Adam ganaba rápido la confianza de todos y un buen día solicitó llevarme a mi sola a la feria de la ciudad vecina, lo cierto es que jamás llegaríamos a esa feria, es más, tuvimos mucho tiempo a solas. Esa noche vestía una falda de cuadritos rojos, una blusa muy blanca y mi peinado resaltaba mis rizos caprichosos. Adam, recuerdo su olor, la suavidad de sus manos, sus labios en mi piel, sus ruidos, hasta ese día las caricias sólo habían sido en mis piernas, sólo habían sido momentos eróticos que para una chica se llamaban románticos. El coche que Adam manejaba se convirtió en un pedazo de luna, que invitaba a marcharse lejos. Adam manejaba con una mano y con la otra no dejaba de buscar mis piernas, mis pechos, mi boca. Cuando encontró el paraje ideal, se acabó la ternura, él mordió mis piernas, mis pechos, mi boca, creo que no faltó nada por morder. Sentí su esencia en mi cuerpo y sus palabras pintaban el paisaje oscuro y solitario donde nuestros ruidos no podrían alcanzar oídos humanos.

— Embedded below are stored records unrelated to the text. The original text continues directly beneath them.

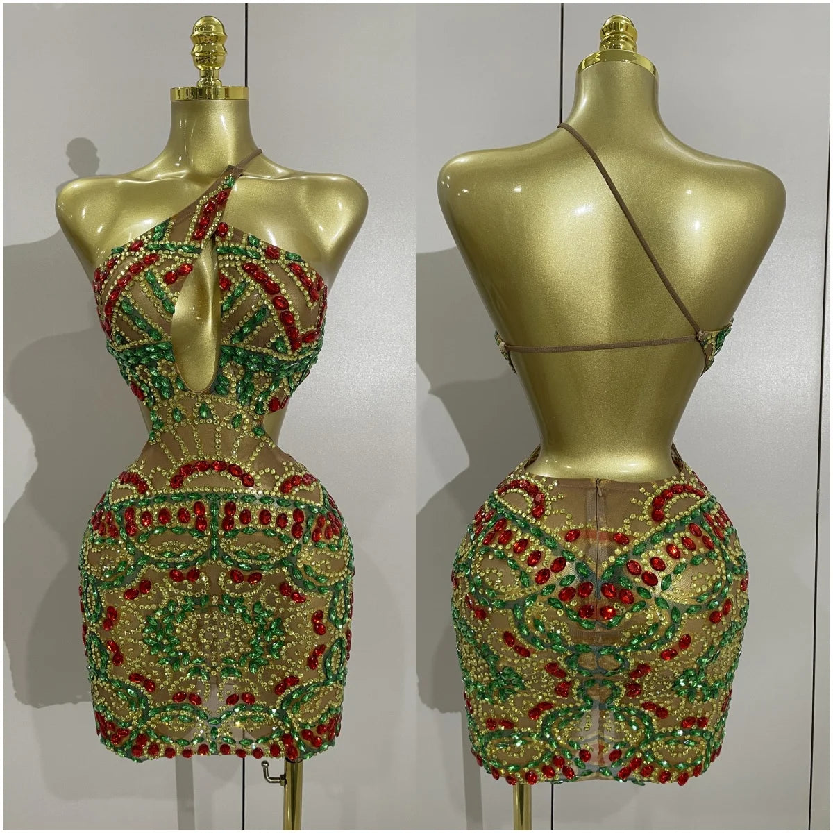 Luxury color rhinestone mesh mini dress with sparkling crystals for birthday, DJ, or club wear.
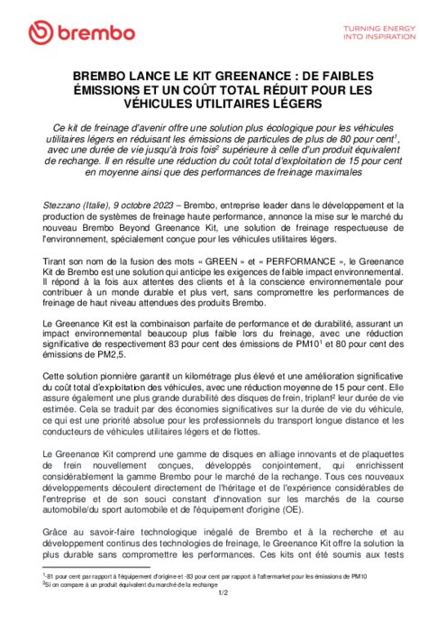 Brembo lance son kit faible émission adapté aux véhicules légers
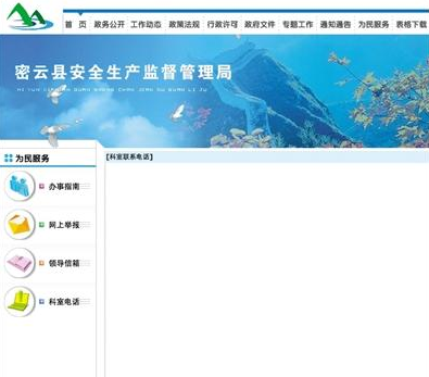 19日,密云縣安全生產(chǎn)監(jiān)督管理局官網(wǎng),“為民服務(wù)”欄目下,“科室聯(lián)系電話”顯示空白。
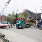 Dass für das kommende Vierteljahr hier durchaus ein neuralgischer Punkt besteht, zeigte sich anschaulich während der Verlegearbeiten. Zum letzten Mal bog ein Langholzfahrzeug vom Riersbachtal kommend auf die L 94 ein. Über die Behelfsbrücke wird das so nicht mehr möglich sein und auch andere größere Fahrzeuge werden wegen der begrenzten Möglichkeiten ihre Fahrkünste aufbieten müssen.
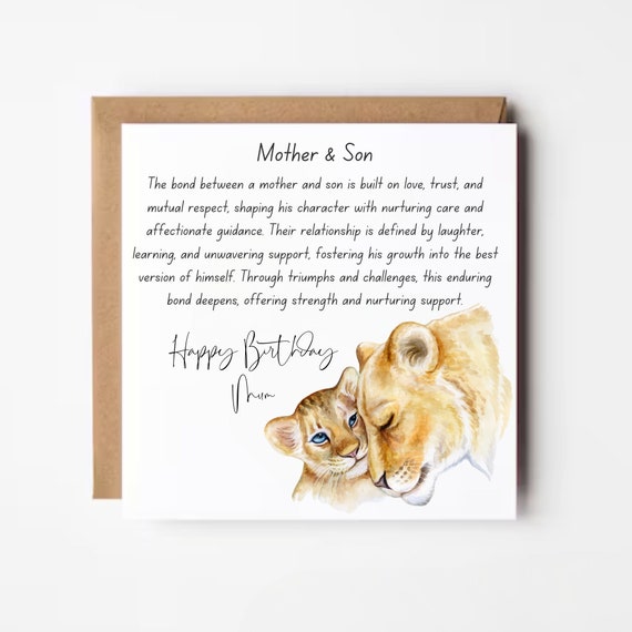 Coucou ! Je vends une jolie carte d'anniversaire sur le thème 'Mère et Fils'. Elle est destinée à une maman, de la part de son fils. Le format est A5 (21cm x 15cm), ce qui est un bon format, ni trop petit ni trop grand. C'est une carte pliée, avec une enveloppe incluse, comme il se doit. La marque est Pickture-This Greeting Cards. Le thème est 'Joyeux Anniversaire' et l'occasion est bien l'anniversaire. Elle est classée pour les adultes. Elle est personnalisable ? Non, elle est telle quelle, mais le design est déjà très parlant. Elle est fabriquée au Royaume-Uni. La carte est neuve, dans son emballage d'origine (souvent un film plastique ou une pochette). Parfaite pour envoyer un message touchant à sa maman pour son anniversaire !

El alba nos alcanzó, ni siquiera puedo recordar los miles de problemas que esto ocasionó en casa, Adam ni siquiera se despidió, nadie en la ciudad volvió a verle, pero antes de que esto pasara, una forma de decir adiós fue cuando de forma delicada me cargó en sus brazos hasta debajo de un árbol a la orilla del río Monclova, y me dijo “posa una vez más para mí, pero sin Pedro”. Lo curioso es que todas las fotos que conservo evocan a Pedro, pero la esencia que captó el paisaje lleva la firma de Adam. Lástima que duro tan poco, dígame, después de 60 años ¿usted cree poder entrar en una fotografía? Ω
[1] Facultad de Trabajo Social y Desarrollo Humano de la Universidad Autónoma de Nuevo León.